Настоящее издание дает представление о прозе крупнейшего венгерского писателя, чье творчество неоднократно отмечалось премией им. Кошута, Государственной и различными литературными премиями.
Книга «Люди пусты» (1934) рассказывает о жизни венгерского батрачества. Тематически с этим произведением связана повесть «Обед в замке» (1962). В романе-эссе «В ладье Харона» (1967) писатель размышляет о важнейших проблемах человеческого бытия, о смысле жизни, о торжестве человеческого разума, о радости свободного творческого труда.
Довольно долго отец слонялся по пусте без дела. Пристроили его как-то учеником к кузнецу, который и сам знал кузнечное дело не лучше, чем цыгане на краю деревни. Да к тому же и к ученику своему этот кузнец относился несерьезно: тот целыми днями мог шататься где угодно, и шатался везде, куда только тянула его все возрастающая любознательность. В конце концов то, чему он мог научиться в той кузнице, он усвоил. Кузнец из него получился не лучший, чем пчеловод, столяр или огородник (он позднее, когда у него уже было постоянное занятие, проводил свое свободное время по воскресеньям в изучении какого-нибудь, всякий раз нового, ремесла: сколачивал шкаф, вязал сеть, делал дудку, даже за коновальство брался охотно, а уж резать баранов был просто мастер). С такой умелостью и любознательностью он мог бы стать ключником, кладовщиком, а со временем, может, и старостой в пусте.

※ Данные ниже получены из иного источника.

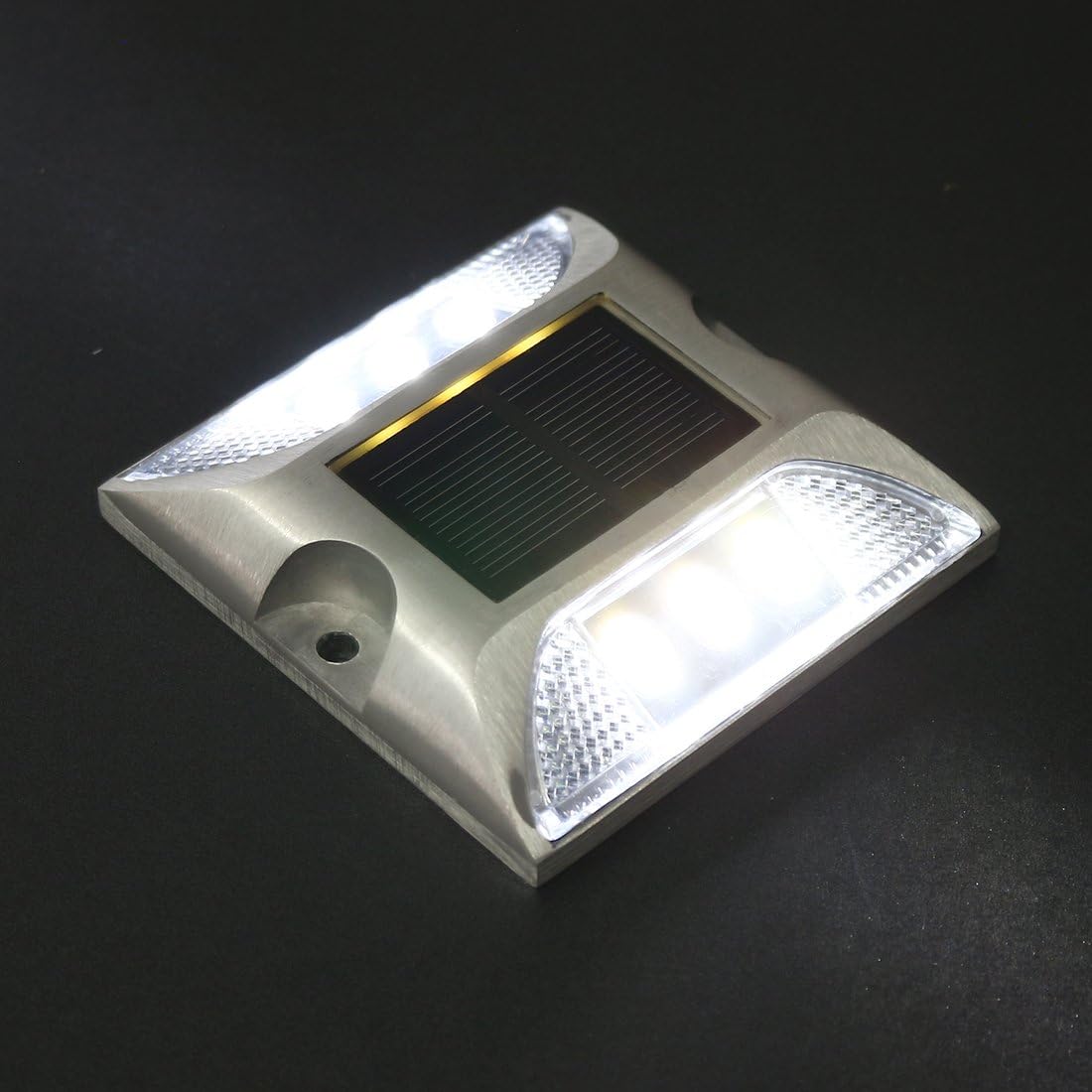 Measuring 105mm by 105mm and weighing just 0.3kg, the Solar Road Stud is designed to be both lightweight and compact, yet it can bear loads of up to 20 tonnes. Its visible distance exceeds 500 meters at night, providing ample warning and guidance to drivers, enhancing safety for traffic control, lane markers, pedestrian crossings, and various other applications. Whether used in commercial and industrial sites, bridges, loading docks, or even as decorative lighting in gardens and public parks, this road stud is a versatile and essential addition to your safety measures.

Когда в его семье впервые заговорили об этом серьезно, он, проявив действительно потрясающую предприимчивость, удрал из дома. В пусте в то время стали появляться сельскохозяйственные машины. Он жадно рассматривал их, вертелся вокруг, но прикасаться к ним могли лишь механики, сдавшие на то специальный экзамен. Как он им завидовал, считая их самыми важными в мире людьми, а ведь большинство из них не говорило, да из спеси и не желало говорить по-венгерски. Получить квалификацию можно было только в Пеште. Туда он и направился, сбежав из дома, и несколько недель спустя сдал экзамен на кочегара котельной, а потом и на механика. Несколько лет он служил в задунайских пустах, не задерживаясь, однако, в каждой более одного-двух месяцев; можно сказать, кружил вокруг родной пусты, шаг за шагом приближаясь к ней. Так случайно попал он в Рацэгреш, где как раз требовался помощник механика.

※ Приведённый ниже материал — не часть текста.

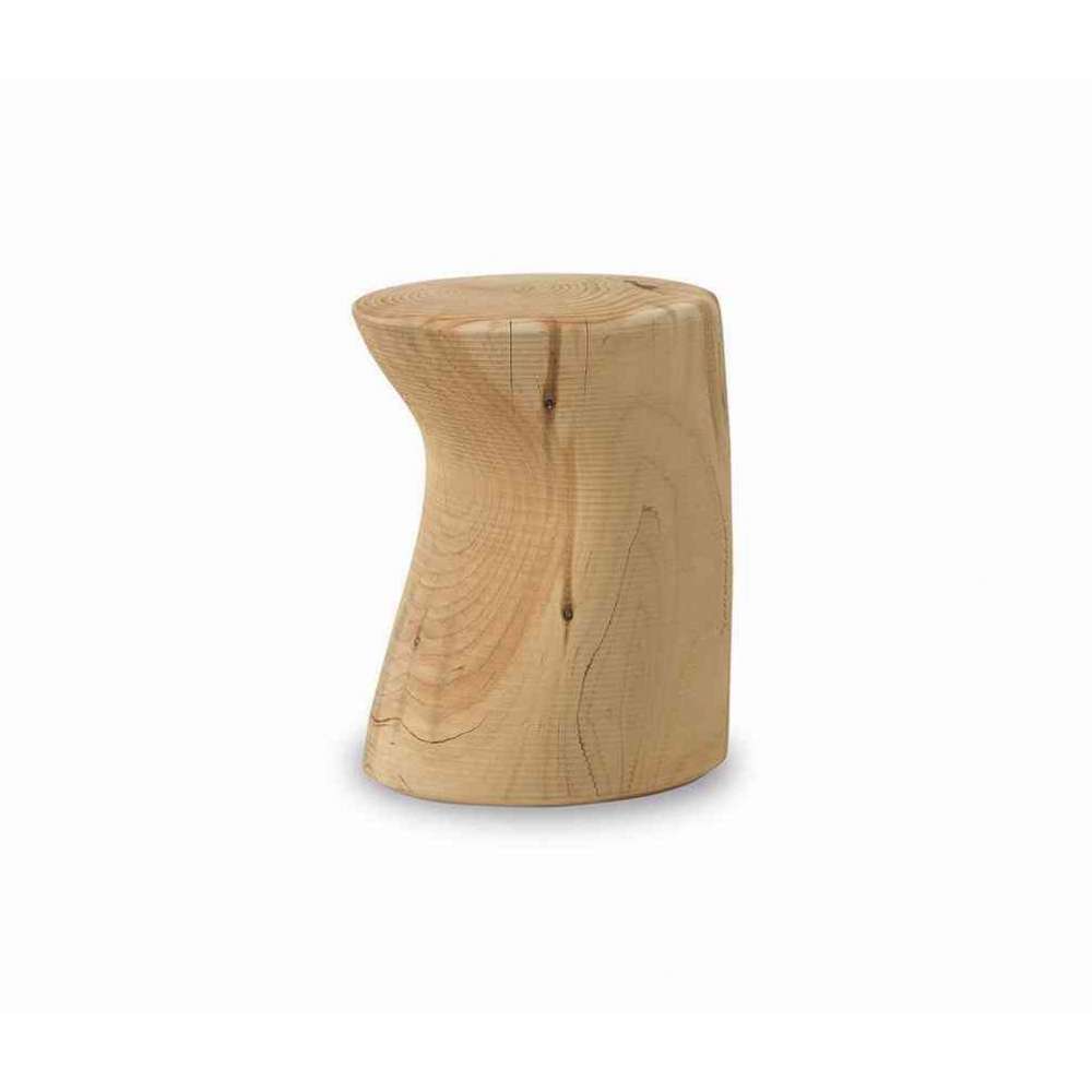 Stołek wykonany z pojedynczego bloku pachnącego cedru, z bocznym wycięciem.

Родителям матери он не понравился. Особенно когда после пяти недель знакомства вдруг посватался к матери, не попросив в приданое ничего, кроме велосипеда, и прибавил, что нужную мебель он и сам смастерит! Был он веселым, любознательным парнем, но порой впадал в молчаливую меланхолию. Поэтому многие считали его гордым и заносчивым. Со своими родителями он не общался, хотя и гордился своим происхождением. «Сын небандского пастуха!» — в том, как родственники матери даже спустя десятилетия произносили эти слова, я неизменно улавливал насмешку. Молодой человек, он тогда хотел нравиться людям, производить впечатление. Но в Рацэгреше эти наклонности не почитались. Родители матери были пуритане и видели откровенность не в том, чтобы человек до дна изливал душу со всем, что есть в ней хорошего и дурного, находя к тому же в этом удовольствие.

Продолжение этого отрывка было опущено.